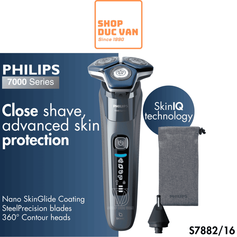 Philips Series 7000 S7882/16 is a comprehensive shaving solution that combines the powerful performance of SteelPrecision blades, the flexibility of 360-D Flexing heads, and the intelligence of SkinIQ technology. It delivers a shaving experience that is both highly effective and exceptionally gentle, making it especially suitable for individuals with sensitive skin or those looking to enhance their shaving technique.
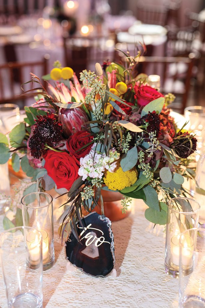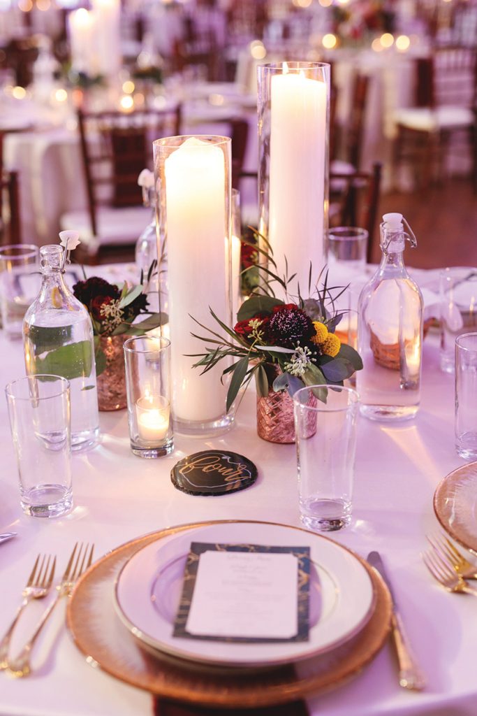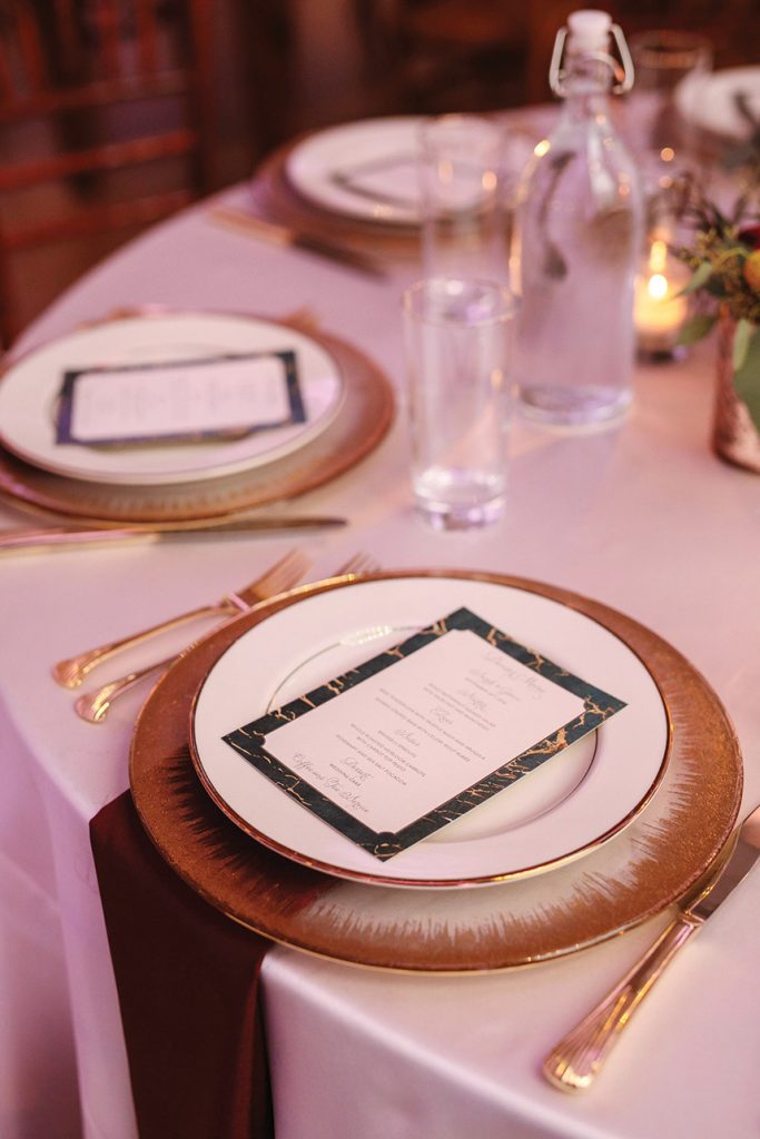 DELICIOUS DISHES: Royal Fig Catering did a tremendous job with Sarah and Gavin’s catering. The food was exceptional, as was their service. Dinner service consisted of roast butternut squash salad with hazelnut and manchego, beef tenderloin with truffle mash and arugula, seared striped bass with celery root puree, Brussels sprouts, whole roasted heirloom carrots with carrot-top pesto, and rosemary and sea salt focaccia. To finish off the evening with a late-night snack, Sarah and Gavin had potato egg and cheese, veggie, and brisket and egg breakfast tacos.
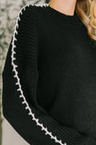 Cozy meets chic with this One Stitch at a Time pullover, where every detail tells a story. Crafted from mid-heavy weight ribbed knit with serious stretch, it's built for comfort that actually moves with you. The relaxed drop shoulder and banded ribbed round neckline create an effortlessly cool silhouette, while the crocheted blanket stitch detail adds artisanal charm and texture. Layer it, wear it solo—this pullover is your new go-to for laid-back style that feels as good as it looks.
+--
— What you have to do —
Word for word, give the data above again, without any images.

— Output of the exercise —
 Philips Series 7000 S7882/16 is a comprehensive shaving solution that combines the powerful performance of SteelPrecision blades, the flexibility of 360-D Flexing heads, and the intelligence of SkinIQ technology. It delivers a shaving experience that is both highly effective and exceptionally gentle, making it especially suitable for individuals with sensitive skin or those looking to enhance their shaving technique.
 DELICIOUS DISHES: Royal Fig Catering did a tremendous job with Sarah and Gavin’s catering. The food was exceptional, as was their service. Dinner service consisted of roast butternut squash salad with hazelnut and manchego, beef tenderloin with truffle mash and arugula, seared striped bass with celery root puree, Brussels sprouts, whole roasted heirloom carrots with carrot-top pesto, and rosemary and sea salt focaccia. To finish off the evening with a late-night snack, Sarah and Gavin had potato egg and cheese, veggie, and brisket and egg breakfast tacos.
 Cozy meets chic with this One Stitch at a Time pullover, where every detail tells a story. Crafted from mid-heavy weight ribbed knit with serious stretch, it's built for comfort that actually moves with you. The relaxed drop shoulder and banded ribbed round neckline create an effortlessly cool silhouette, while the crocheted blanket stitch detail adds artisanal charm and texture. Layer it, wear it solo—this pullover is your new go-to for laid-back style that feels as good as it looks.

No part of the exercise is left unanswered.